Yo no soy de buen rozo. Sin embargo, para quienes tienen apetito, imagino que el degusto genera disgusto, pues también se come por la vista, o sea, por el tamaño especular de  la raciónAlgunos adolescentes se perforan el cuerpo en lugares en donde el dolor resulta agudo. Algunos adultos, con equivalente masoquismo, trepanan sus apetitos adecuando el paladar al corazón de una cocina que planifica la liviandad espiritual de la alimentación y justifica la delicadeza de los platos ofreciendo de manera enrevesada porciones harto, harto minúsculas.

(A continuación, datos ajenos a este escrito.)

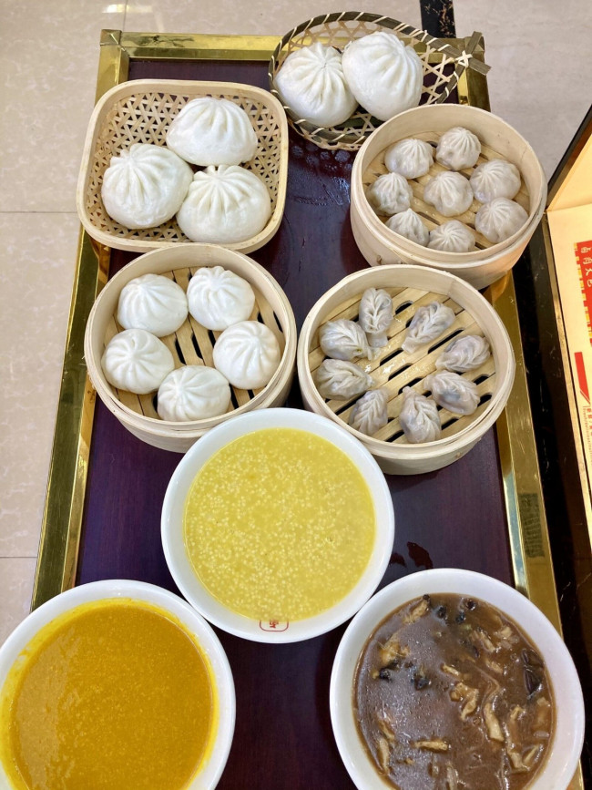 该品牌包子是利用了冰糖桂花糖,白糖,玫瑰糖香拌而成的馅料。每天早上都是排长龙去买包子的景象。
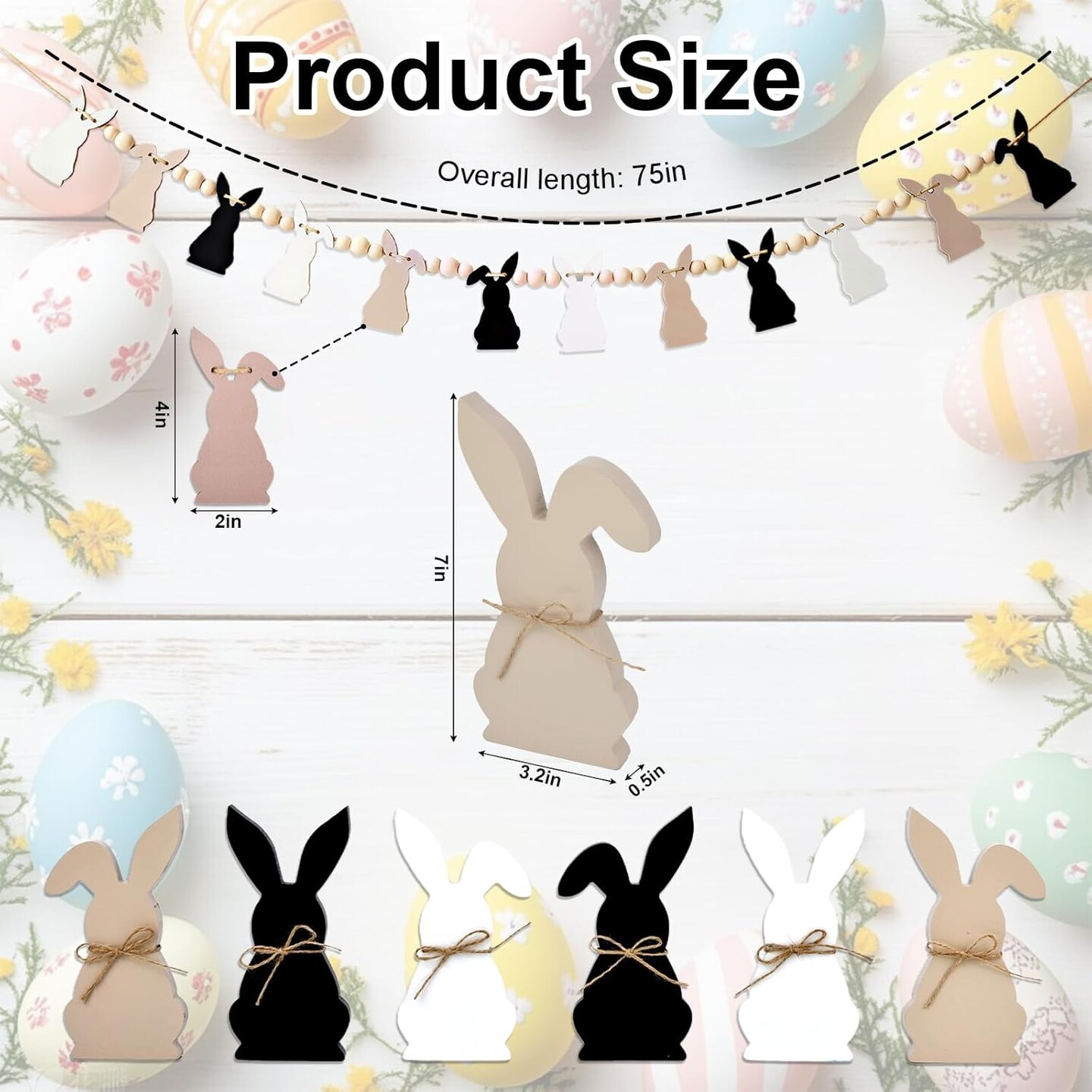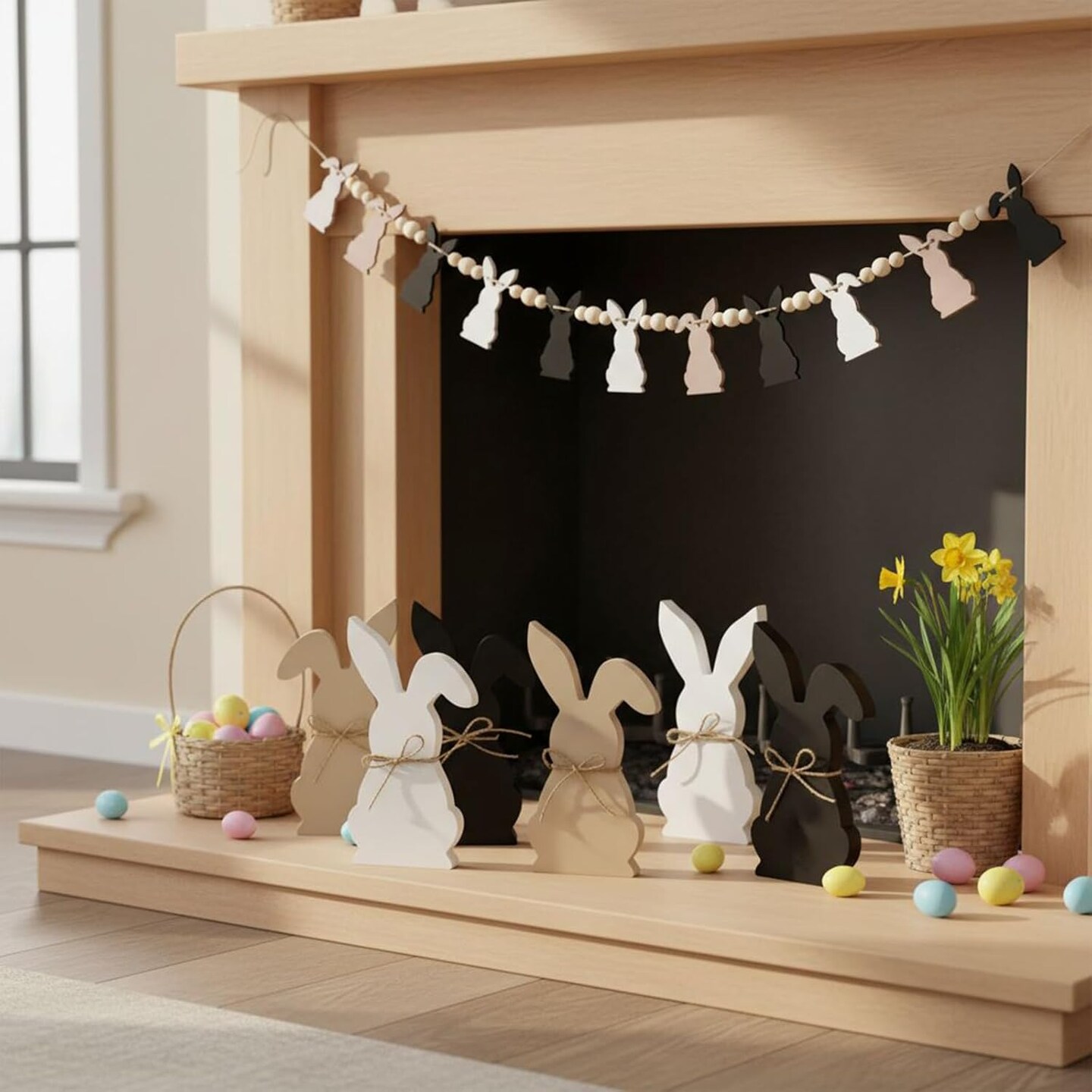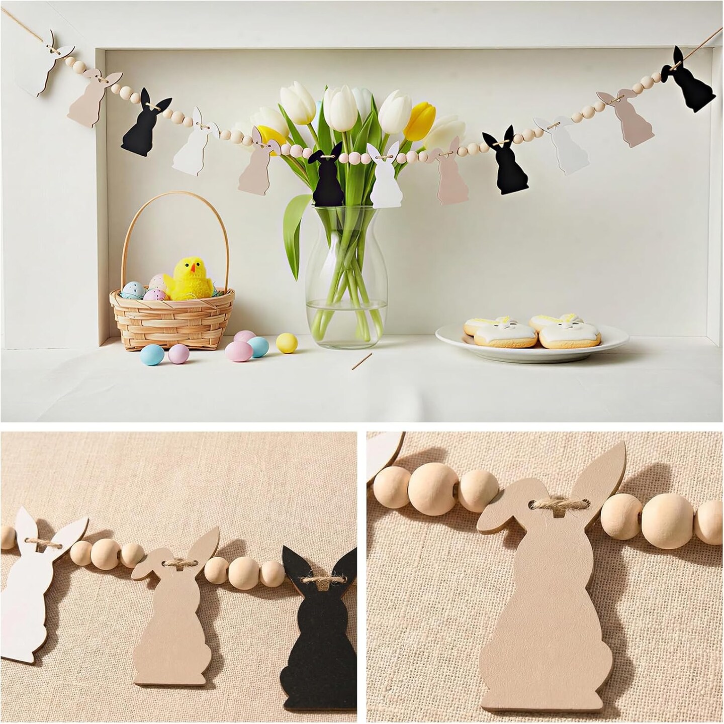 7-Piece Easter Bunny Garland – Wooden Beaded Mantel Banner with 6 Rabbits for Spring & Easter Home Decor

Menguada la medida de las dosis, es posible que estemos ante el renacimiento de la sisa. Para quienes hemos arrinconado en el olvido el significado de esta fórmula arcaica, la sisa era un impuesto, establecido en plena Edad Moderna, que consistía en cobrar al consumidor una parte de los géneros comestibles que adquiría. Vamos, usted iba a por una docena de huevos y, por la gracia del gravamen, en realidad compraba una decena. No me cabe duda de que cuando nos acercamos a determinados establecimientos de campanario y gran ruido mediático debemos o bien ir comidos o, si no, aleccionados en la idea de sufragar el pellizcazo de la sisa. Decida, pues, usted por sí mismo. Y concluya si merece la pena el “come, come, que te siso”.